It worked for one of my students, so give it a go


----------



## ErikaLynn (Aug 3, 2010)

When I first got back into riding I had the same problem. I would grip with my knees so bad I would have little bruises on the inside of my knees. What I did was bring my stirrups up a hole and a half. It took awhile to get used to, but it help me feel more secure in the saddle. I've been back into riding for a year now, and my legs are a lot stronger I still have to have the thought in my head to hold on with my calf. It is a lot easier to hold on with my calf now, then it was a year ago. But I can sometimes feel my legs come off especially when I'm jumping.

I will admit, I rarely practiced without stirrups, but you should most definitely do no stirrup work, it will make you muscles stronger, faster. Also a lot of 2-point work helps.


----------



## Ali M (Mar 28, 2011)

Thank you so much for all the advice! This thread has REALLY helped me. I like the idea of letting it 'flow' all the way down and 'wrapping' myself around her girth. I'll also have to keep the thought my head for a while until it becomes unconscious, but that'll be a while. Unfortunately, I ride a crotch rocket motorcycle (which you grip with your knees), so the Harley thing doesn't work as well for me. :lol:


----------



## MIEventer (Feb 15, 2009)

To comment on the toe thing - you must allow your toes to point out, in order for your calf to be correctly placed on your horse, to aid you with solidifying your lower leg. 

You should have at least a 40 to 45 degree angle, where you are making contact on your horses girth on your inner/back part of your calf. You don't want to have contact on your inner calf where your toes are pointing forward, nor do you want contact on the back of your calf where you doing the "charlie chaplin" - you want to be right in the middle....the sweet spot.

Here's a picture to hopefully give you a better idea:


----------



## faye (Oct 13, 2010)

I bad habit of gripping with my knees and my instructor and I went through all sorts of methods (most mentioned above) and none of them managed to get through my thick skull.

What did work for me was a dragon of an instructor (who I thought was absolutly brilliant) ignoreing what my heel was doing and shouting at me to push my knee down.
Now it is impossible to push your knee down and still grip with your knee (or at least it is for me!). and thus by pushing my knee down my heel automaticly dropped and I stopped gripping with my kees


----------



## Brent (Mar 14, 2011)

Yes if you push your heel down then your thighs will lossen up. Just tell yourself heels down while your riding.if you find yourself holding your stirrups back then they need adjusted. You may have to train your horse a little cause you have trained it to the other way you were riding.
_Posted via Mobile Device_


----------



## bsms (Dec 31, 2010)

I don't grip with my knees, but one of my bad habits is leaning forward.
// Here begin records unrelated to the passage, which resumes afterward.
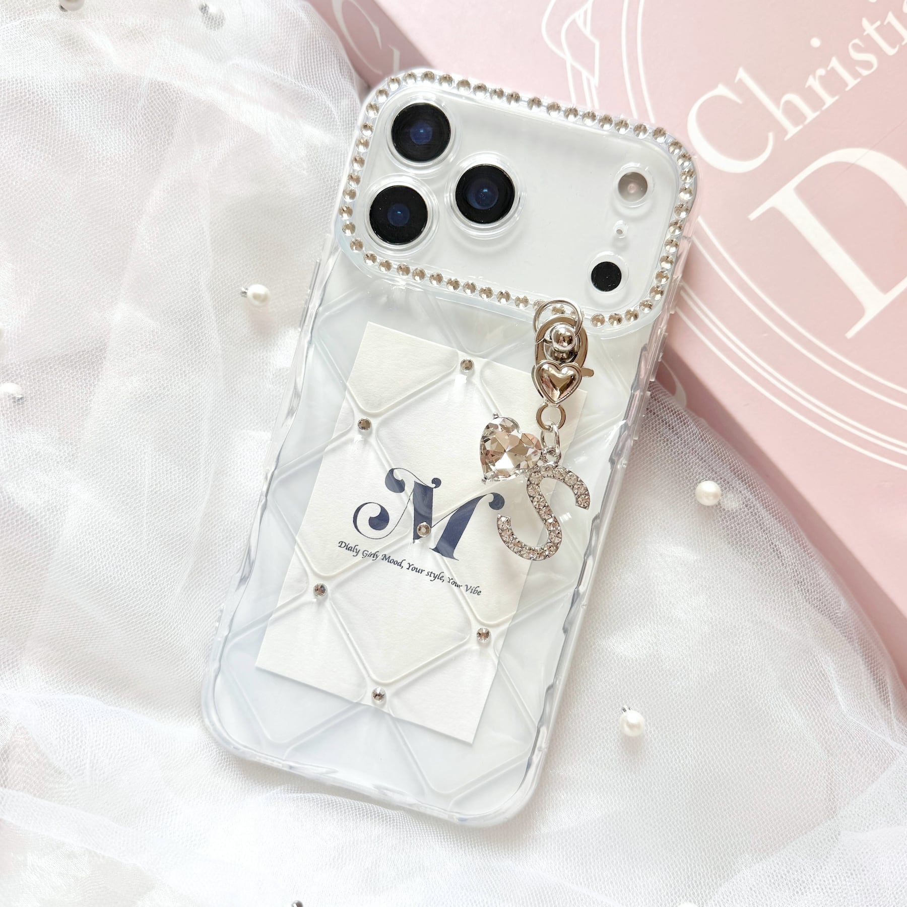 ハートビジューチャームとイニシャルパーツを組み合わせた、特別感のあるデザイン。自分用にはもちろん、ギフトにもおすすめです。
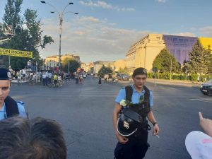 19:53 – Protestatarii au oferit trandafiri albi forțelor de ordine. Unul dintre jandarmi și-a pus trandafirul la centură
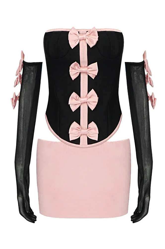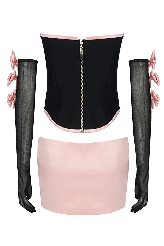 The Satin Strapless Bandage Skirt Set exudes luxury with its fine satin-finish fabric, bow-embellished bandage design, and comfortable support. This set includes gloves for a delicate finishing touch. Material: Bandage (95% Polyester, 5% Spandex), zippered back opening, high stretch factor. To maintain, hand wash cold. Colors may vary due to lighting. Images show true product color without a model. Model wears size S.
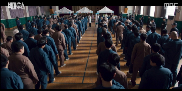 한편 박창호는 빅마우스의 정체를 밝히기 위해 ‘서교수의 논문 내용이 알고 싶으면 내일 이 시간에 직접 나오라.’는 메시지를 남깁니다. 박창호는 한밤중에 모범수들이 부역 나가는 것을 목격하고 의아해합니다.

I started taking lessons 3 weeks ago (western riding). My instructor said she usually teaches things in 3 steps, so that a turn becomes:

1 - Turn with your seat
2 - Outside leg
3 - Invite with rein, if needed

But, she said, I need to add step 0, as in 

0 - Straighten your back (or even feel like I'm leaning back)

And to create new habits, she said to run thru that at every transition: change of pace, change of direction, lateral move, etc - entering the transition and leaving it, straighten my back. She says with enough time my posture will then improve in between transitions.

You might try the same thing with your knees. Entering and leaving every transition, make a conscious effort to spread your knees and then let the weight flow thru them.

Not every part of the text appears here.